Sunday, June 5, 2016





CLICK. . . THE. . . PINK. . . LINK!

That's it. Click on those big pink letters at the top! Because if you DO, you'll be able to hear something I can't describe to anybody. Something I've been trying to find out about since some time in the late 1950s. A . . . ding.

Yes, it's a ding.

That's all it is. But it's a ding I often heard. A ding that happened during those TV station breaks, those top-of-the-hour things between shows, except I don't know what network it was. I don't think it was connected to that weird CBS aperture/eye or the NBC chimes or any of that. ABC? Who knows. A local station, something in Detroit? WJBK, perhaps?

I don't know.

But this is the ding. I recognized it at once and was amazed, because it proved to me I WASN'T crazy after all, though people had been looking at me that way for decades whenever I brought it up (maybe twice in 50 years). When I first stumbled on TV Party many, many moons ago, it was the first video site I ever found and seemed magical. I watched half-minute snippets of old TV shows, things I hadn't seen since I was ten, and wept as if I had found the Holy Grail. That was before YouTube came along and wiped the whole thing off the map.
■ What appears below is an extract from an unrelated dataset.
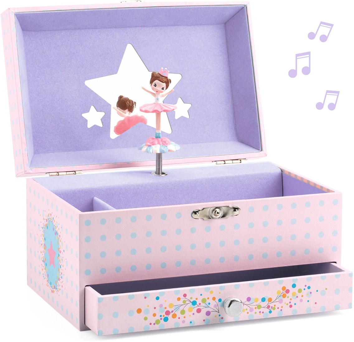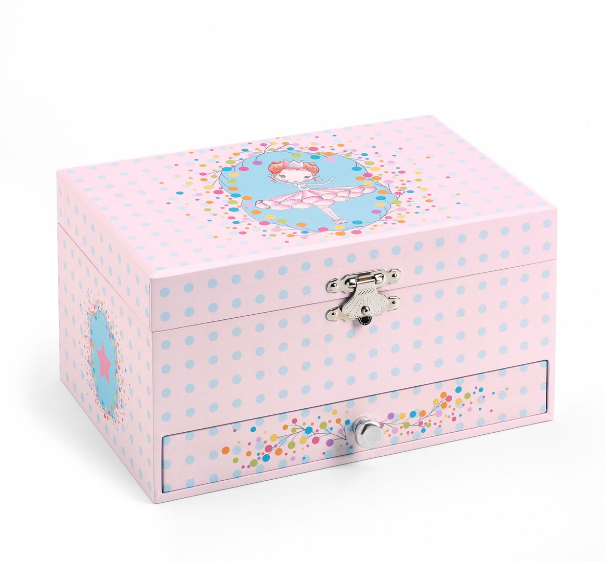 Caixa de jóias musical! Gira a manivela, abre a caixa e ela ganha vida! Em madeira, veludo, plástico e metal. Indicado para + de 4 anos.A música dura aproximadamente 2:30 minutos. 17,8 x 11,7 x 9,9 cm. Caixa: 18,2 x 13,4 x 10,3 cm. Música "Invitation to the Dance", de Carl Maria von Weber.
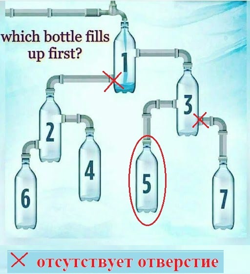Нет ссылки... Я ответил верно. Наполнятся три бутылки: сначала пятая, потом третья и последней первая. Доступ жидкости к остальным перекрыт...

But! This site, this TV Party which is now known as Classic TV because somebody else (TWO somebody elses, in fact) stole their name, still has this weird, almost eerie "ding" sound when you first go on the page. It's an opening salvo, or a greeting, or something like that. It's an old sound, probably a '50s sound from when I was really little and didn't understand anything, and nobody would explain it to me. So it got stored in the back of my brain along with a thousand other bits of broken information.


The ding was never entirely forgotten. Though it lasts about a tenth of a second, somebody was able to find the ding on some tape somewhere and reproduce it, so that each time you go on the Classic TV site, you get the ding. 90% of people, even boomers like me, won't know what the hell they're listening to. I didn't either, until I got that creeping, squicked-out, time machine feeling I get when the 1950s come back to me, and once again I sit in the middle of the living room floor with my fat little legs splayed out in front of me. Three years old, and trying to figure out Ernie Kovacs.